> WORK TASK: Word for word, copy all the data and drop the pictures.

> DATA BLOCK:
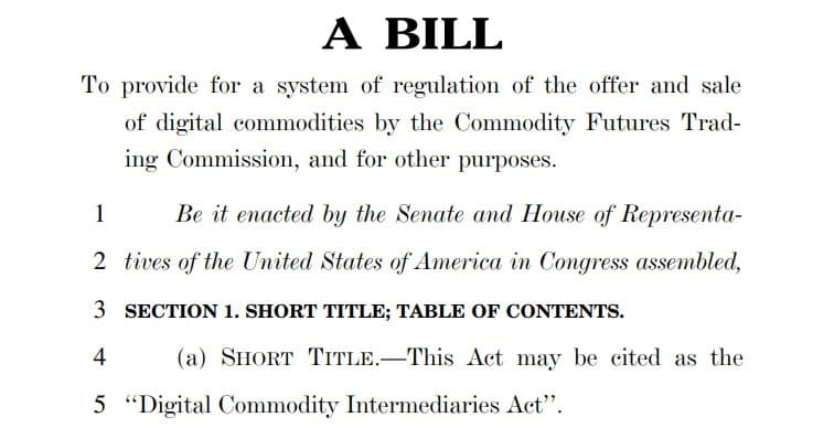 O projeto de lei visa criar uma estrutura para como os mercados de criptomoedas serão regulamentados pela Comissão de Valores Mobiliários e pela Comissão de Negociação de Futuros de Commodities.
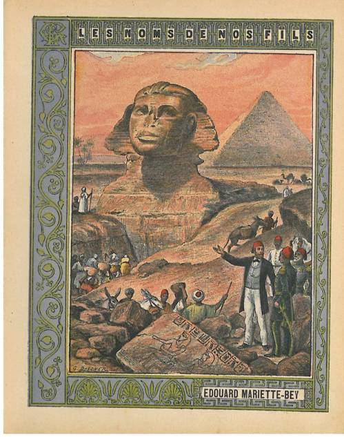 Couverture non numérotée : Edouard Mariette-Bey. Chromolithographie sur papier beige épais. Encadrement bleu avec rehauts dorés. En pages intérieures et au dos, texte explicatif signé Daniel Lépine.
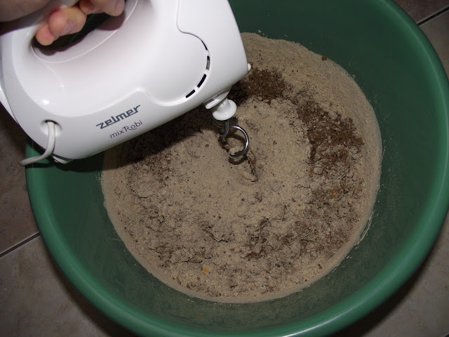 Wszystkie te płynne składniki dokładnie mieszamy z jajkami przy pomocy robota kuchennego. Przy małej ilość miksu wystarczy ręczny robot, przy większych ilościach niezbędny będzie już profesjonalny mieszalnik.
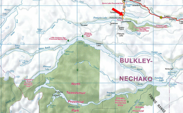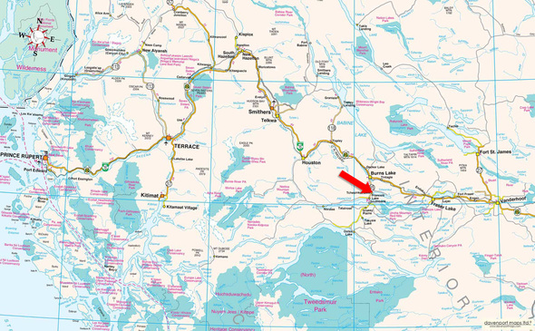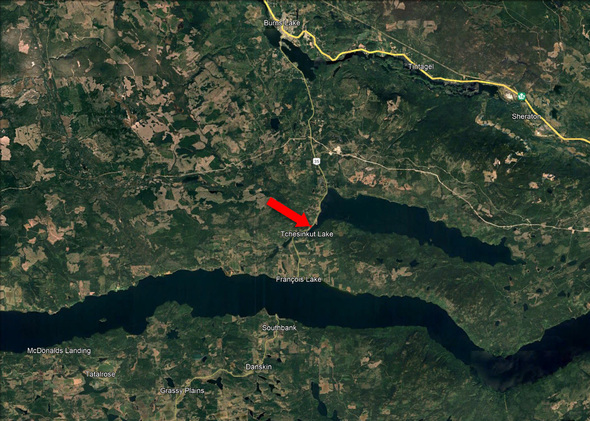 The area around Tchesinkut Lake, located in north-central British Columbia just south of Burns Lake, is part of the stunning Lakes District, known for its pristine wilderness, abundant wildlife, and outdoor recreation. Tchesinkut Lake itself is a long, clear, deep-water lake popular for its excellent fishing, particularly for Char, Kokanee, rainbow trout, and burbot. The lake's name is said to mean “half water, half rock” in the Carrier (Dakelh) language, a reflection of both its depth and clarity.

> EXPECTED ANSWER:
 O projeto de lei visa criar uma estrutura para como os mercados de criptomoedas serão regulamentados pela Comissão de Valores Mobiliários e pela Comissão de Negociação de Futuros de Commodities.
 Couverture non numérotée : Edouard Mariette-Bey. Chromolithographie sur papier beige épais. Encadrement bleu avec rehauts dorés. En pages intérieures et au dos, texte explicatif signé Daniel Lépine.
 Wszystkie te płynne składniki dokładnie mieszamy z jajkami przy pomocy robota kuchennego. Przy małej ilość miksu wystarczy ręczny robot, przy większych ilościach niezbędny będzie już profesjonalny mieszalnik.
 The area around Tchesinkut Lake, located in north-central British Columbia just south of Burns Lake, is part of the stunning Lakes District, known for its pristine wilderness, abundant wildlife, and outdoor recreation. Tchesinkut Lake itself is a long, clear, deep-water lake popular for its excellent fishing, particularly for Char, Kokanee, rainbow trout, and burbot. The lake's name is said to mean “half water, half rock” in the Carrier (Dakelh) language, a reflection of both its depth and clarity.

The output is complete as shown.